> **Problem statement**: Write out an exact copy of the line containing "研究発表(塩尻市立広丘小学校PTA)の写真" and all lines that follow it in the data below, leaving out pictures.

- Opening Delimiter -

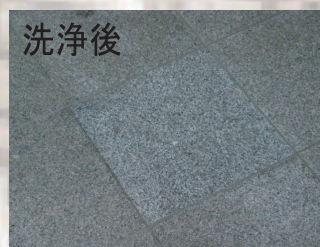
バナー御影石洗浄
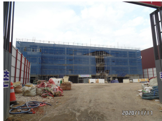
다산복스 (마감공사 중)
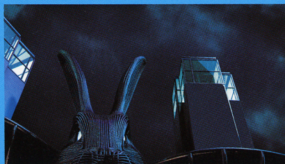
「The Wandering Rabbit」
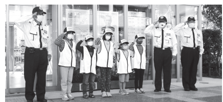
▲あなたも「ろくまる隊員」になろう!

■日時=5年1月21日(土)、午前10 時～11時30分 ■場所=六町駅前 安全安心ステーション ■対象=区 内在住の小学1～3年生 ※保護者 同伴 ■内容=防犯講話/勤務体験 /周辺パトロール など ■定員=5 人(抽選) ■申込=区のホームペ ージからオンライン申請 ■期限=5 年1月6日(金) ■申・問先=生活安全 推進担当 ☎3880-5838
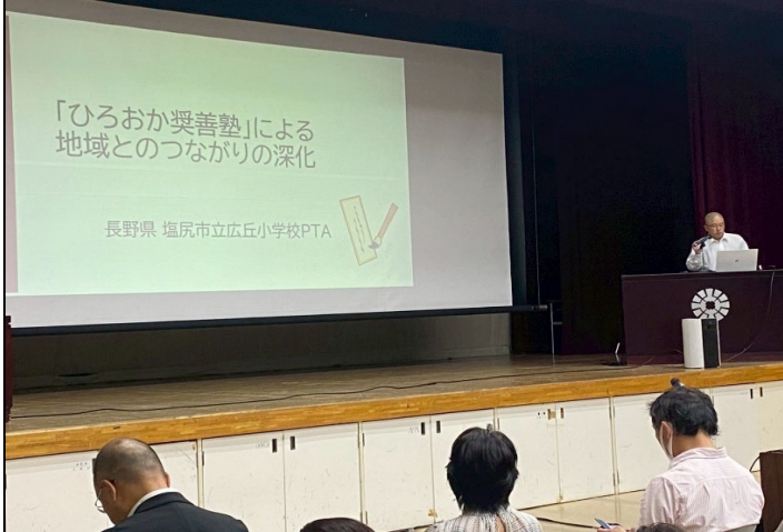
研究発表(塩尻市立広丘小学校PTA)の写真
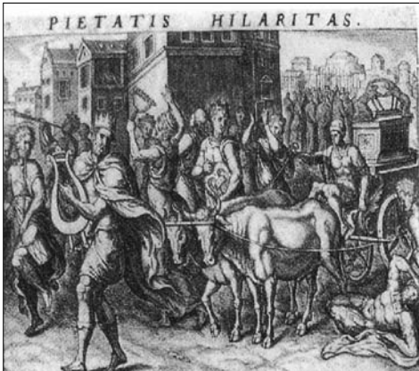
LÁM. n° 3. PIETATIS HILARITAS. Traslado del Arca y entrada triunfal del rey en Jerusalén.
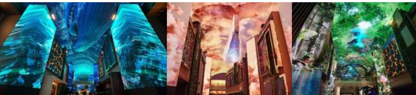
พาทุกท่าน

อาหารกลางวันพร้อมเสิร์ฟด้วยเมนู จิมดัก หรือไก่ตุ๋นซอสดำ เป็นเมนูที่โด่งดังไปถึงเมืองไทยเป็นที่เรียบริ่บร้อยที่นี่ทุกท่านจะได้ทานรสชาติแบบออริจินอล ที่เนื้อไก่จะนุ่มมาก เข้ากันกับซอสที่กลมกล่อม หวานหน้อยๆจากผักที่ถูกต้องรวมกันนานาชนิด มันฝรั่งที่นุ่มละมุนลิ้น และที่หลายๆคนชอบมากคือวุ้นเส้นที่เหนียวนุ่ม คลุกเคล้ากับน้ำซอสแบบออริจินอล พร้อมกับข้าวสวยร้อนๆ รับรองความอร่อย แบบลิ้มไม่หลง และขาดไม่ได้เครื่องเคียงที่ร้านจะนำเสนอตามฤดูกาล เช่น กิมจิ สาหร่าย ถั่ว ไซเท้าดอง ถั่วงอกดอง เป็นต้น

- Closing Delimiter -

> **Result**:
研究発表(塩尻市立広丘小学校PTA)の写真
LÁM. n° 3. PIETATIS HILARITAS. Traslado del Arca y entrada triunfal del rey en Jerusalén.
พาทุกท่าน

อาหารกลางวันพร้อมเสิร์ฟด้วยเมนู จิมดัก หรือไก่ตุ๋นซอสดำ เป็นเมนูที่โด่งดังไปถึงเมืองไทยเป็นที่เรียบริ่บร้อยที่นี่ทุกท่านจะได้ทานรสชาติแบบออริจินอล ที่เนื้อไก่จะนุ่มมาก เข้ากันกับซอสที่กลมกล่อม หวานหน้อยๆจากผักที่ถูกต้องรวมกันนานาชนิด มันฝรั่งที่นุ่มละมุนลิ้น และที่หลายๆคนชอบมากคือวุ้นเส้นที่เหนียวนุ่ม คลุกเคล้ากับน้ำซอสแบบออริจินอล พร้อมกับข้าวสวยร้อนๆ รับรองความอร่อย แบบลิ้มไม่หลง และขาดไม่ได้เครื่องเคียงที่ร้านจะนำเสนอตามฤดูกาล เช่น กิมจิ สาหร่าย ถั่ว ไซเท้าดอง ถั่วงอกดอง เป็นต้น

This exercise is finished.